Your assignment:
An image-free, word-for-word version of the records below is to be returned.

[Data extracted from a collection]
+ + + +

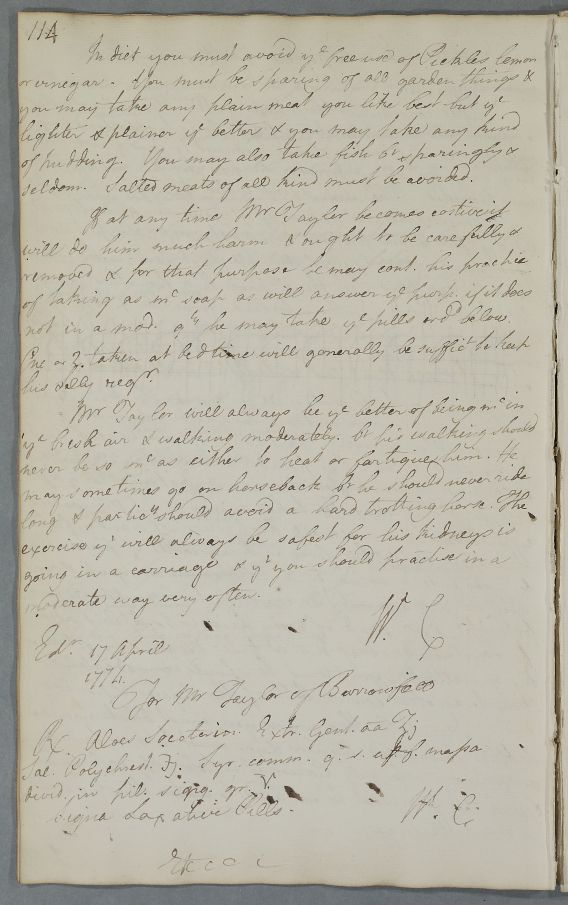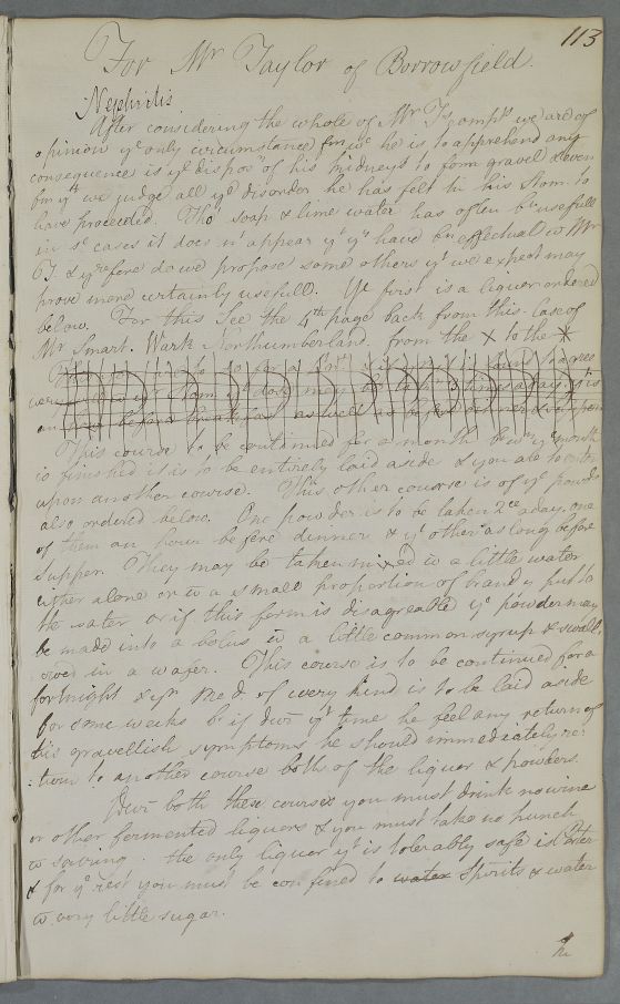 | Summary | Letter for Mr Taylor of Borrowfield, who has kidney problems with "gravel" and is given a laxative prescription. Also refers to case of Mr Smart of Wark. |
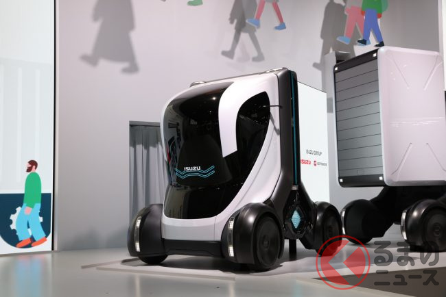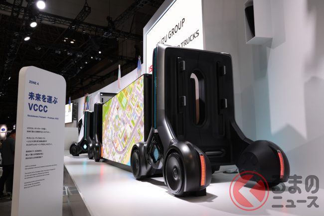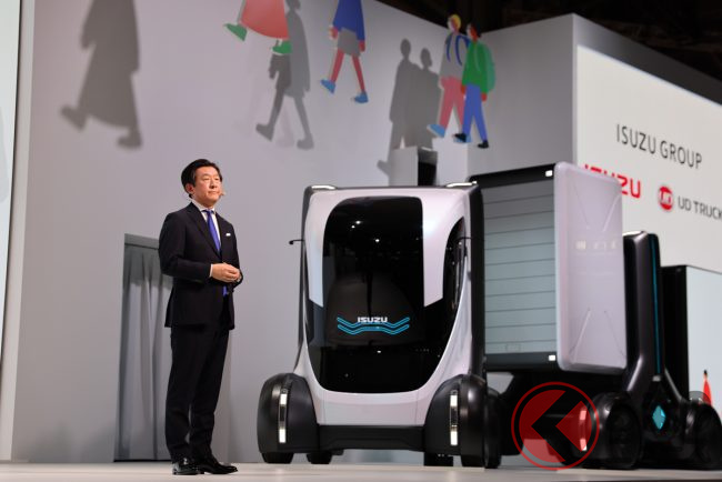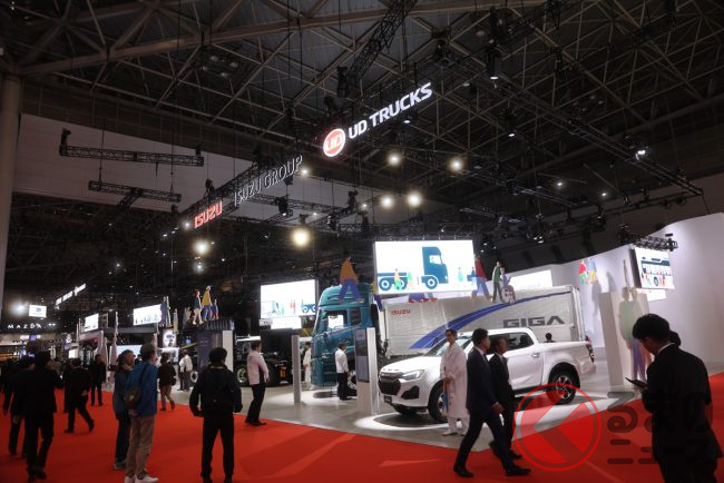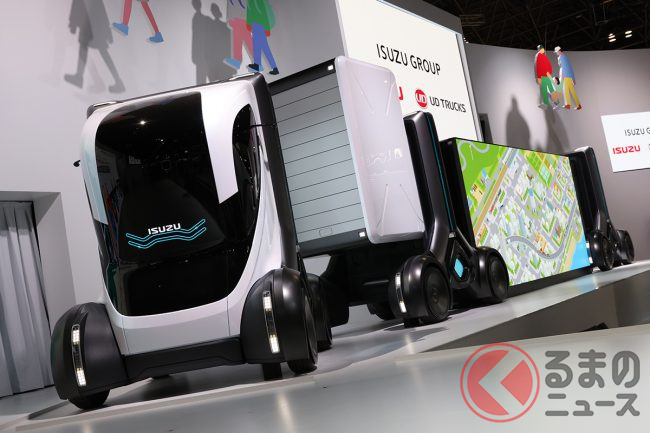 いすゞグループ(いすゞとUDトラックス)が、東京ビッグサイト(東京都江東区)で2025年10月30日~11月9日(一般公開は10月31日から)にわたって開催されている「ジャパンモビリティショー2025」に出展しています。開幕前日の29日、ブースがメディア向けに公開され、斬新なコンセプトカーから参考出品車など6台のトラック・バスと、未来の物流に向けたソリューションなどの展示を行いました。
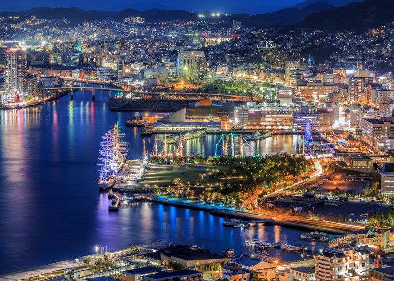 In the city, you can also see the “bridge of glasses”, Meganebashi, a beautiful stone bridge that runs through the Nakajima river in the center of Nagasaki, and a few kilometers from the city center, Monte Inasa offers a magnificent view. On the city.
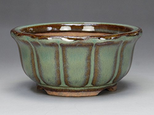 いよじ園 【盆栽鉢】 小石原焼/輪花鉢 【緑釉】【左右9.5cm】【ミニ鉢~小鉢】
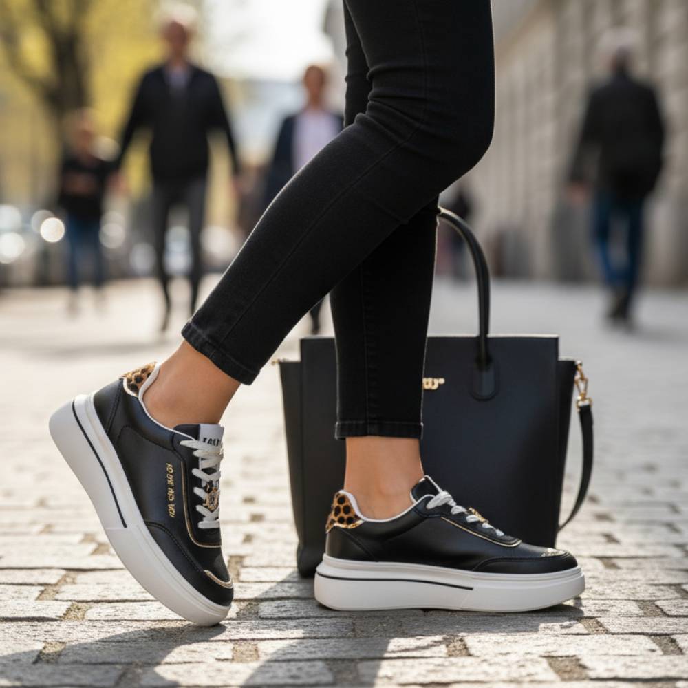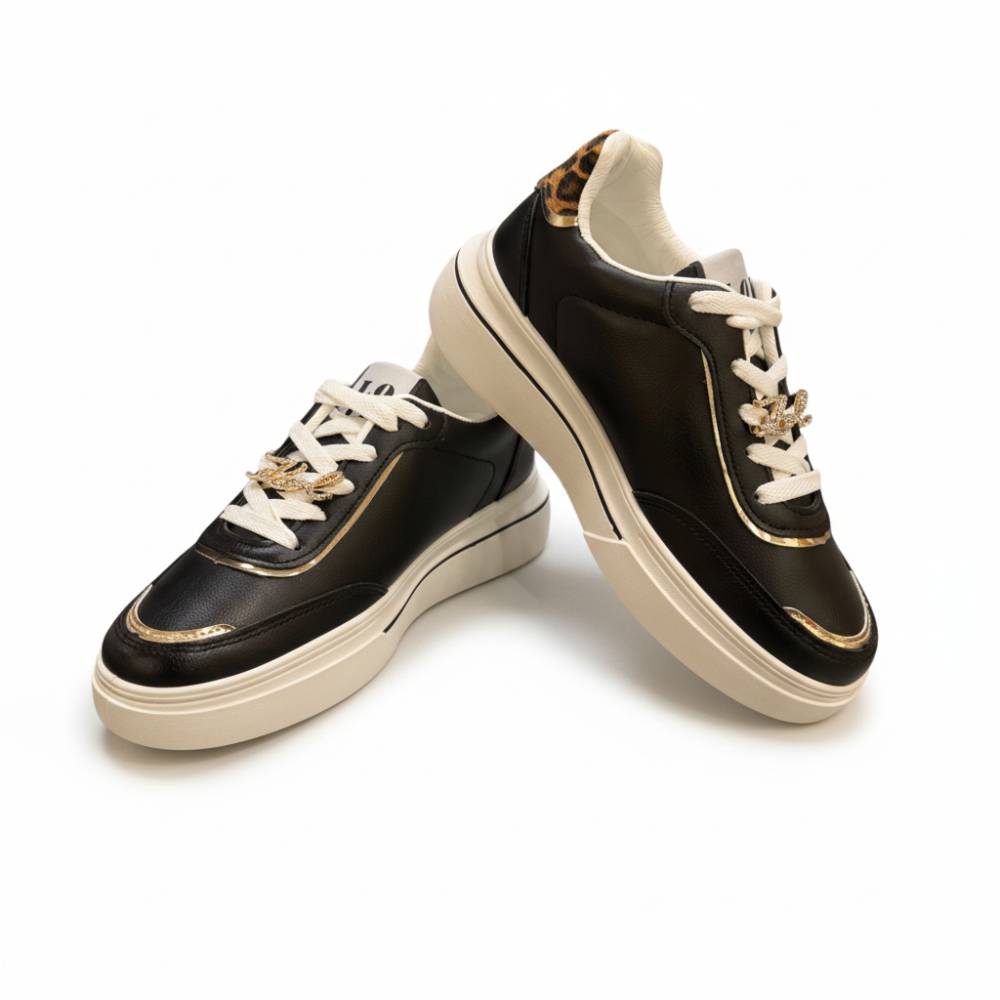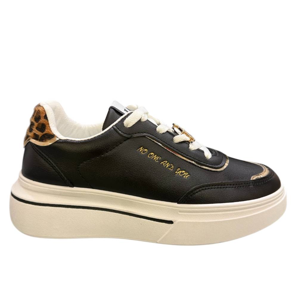 Γυναικεία sneakers μαύρα με λεοπάρ και χρυσές λεπτομέρειες
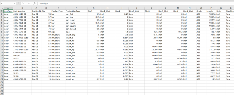 - Product Type — The classification or purpose of the product. Linear parts typically being bar, structural or tube.
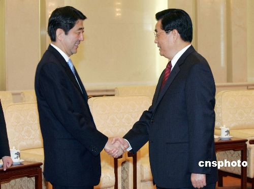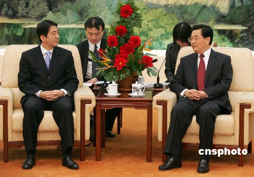 國家主席胡錦濤8日下午在人民大會堂會見了日本首相安倍晉三。

+ + + +

Task solution:
 | Summary | Letter for Mr Taylor of Borrowfield, who has kidney problems with "gravel" and is given a laxative prescription. Also refers to case of Mr Smart of Wark. |
 いすゞグループ(いすゞとUDトラックス)が、東京ビッグサイト(東京都江東区)で2025年10月30日~11月9日(一般公開は10月31日から)にわたって開催されている「ジャパンモビリティショー2025」に出展しています。開幕前日の29日、ブースがメディア向けに公開され、斬新なコンセプトカーから参考出品車など6台のトラック・バスと、未来の物流に向けたソリューションなどの展示を行いました。
 In the city, you can also see the “bridge of glasses”, Meganebashi, a beautiful stone bridge that runs through the Nakajima river in the center of Nagasaki, and a few kilometers from the city center, Monte Inasa offers a magnificent view. On the city.
 いよじ園 【盆栽鉢】 小石原焼/輪花鉢 【緑釉】【左右9.5cm】【ミニ鉢~小鉢】
 Γυναικεία sneakers μαύρα με λεοπάρ και χρυσές λεπτομέρειες
 - Product Type — The classification or purpose of the product. Linear parts typically being bar, structural or tube.
 國家主席胡錦濤8日下午在人民大會堂會見了日本首相安倍晉三。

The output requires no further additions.